Zendesk released Custom Statuses in EAP late September. It expands on the regular open, pending, on hold statuses with an option to add subtypes for each.

It allows you to give more context with a specific status update, but it can also make setting up automations and triggers a lot easier.
You can find full documentation here or check the article below for a nice proof of concept flow.

Automating Pending tickets.

Without any automations, a typical ticket flow looks like this:

A better way is one where we add a reminder via an automation. That way, if a customer does not reply, we remind them and gently nudge them to reply.
If the customer still does not react, we can then add a final automation that either solves the ticket silently, or re-opens the ticket so the agent can either remind the customer one more time.

Automatic reminder emails

The reminder increases reply rates and often pulls reply time forward. Instead of the agents’ email lingering in the customers’ inbox, the reminder is just annoying enough that most customers do reply immediately, either because they forgot the first reply, or because they don’t want any more reminders.
And with a faster reply comes better handling time and thus better CSAT.

Changing the status

The second automation can be used to either resurface the ticket to your agents, or remove it from the queue. Which one you choose depends to your specific use case and the ticket content.

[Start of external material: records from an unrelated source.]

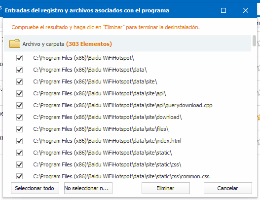 Sea cual sea la opción a elegir ya sea de modo seguro o modo forzado, WPU elimina archivos, iconos, claves en el registro de Windows y todos los restos del programa a desinstalar, tal y como se ve en la siguiente captura:
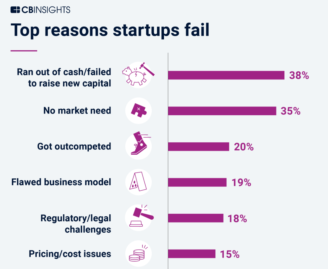 Itâs important to know how likely you are to succeed. CB Insights reports that 35% of startups fail because there is no market need.
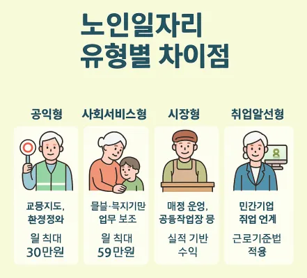5. 노인일자리 유형별 차이점 – 참여 조건과 수당 비교
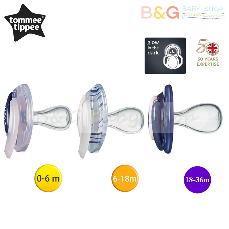 Tommee Tippee Night Time Latex Orthodontic Baby Soother / Pacifier / Puting Bayi 0-6m / 6-18

You can either solve tickets the customers hasn’t replied to or re-open them.

Automatic solving is ideal for tickets where you await a confirmation.

I can’t print > Try this > .. silence.

If the customer can print they often don’t bother replying, leaving the ticket pending forever.

Automatic opening is useful for complex tickets or tickets where the agent needs more information before able to go forward. In those cases re-opening allows for a personal reply to get the answer, or to solve the ticket anyway since they can see no reply will ever come.
Since the original reminder already turned a lot of silent tickets into actual replies, the amount of tickets surfaced by this last automation is greatly reduced.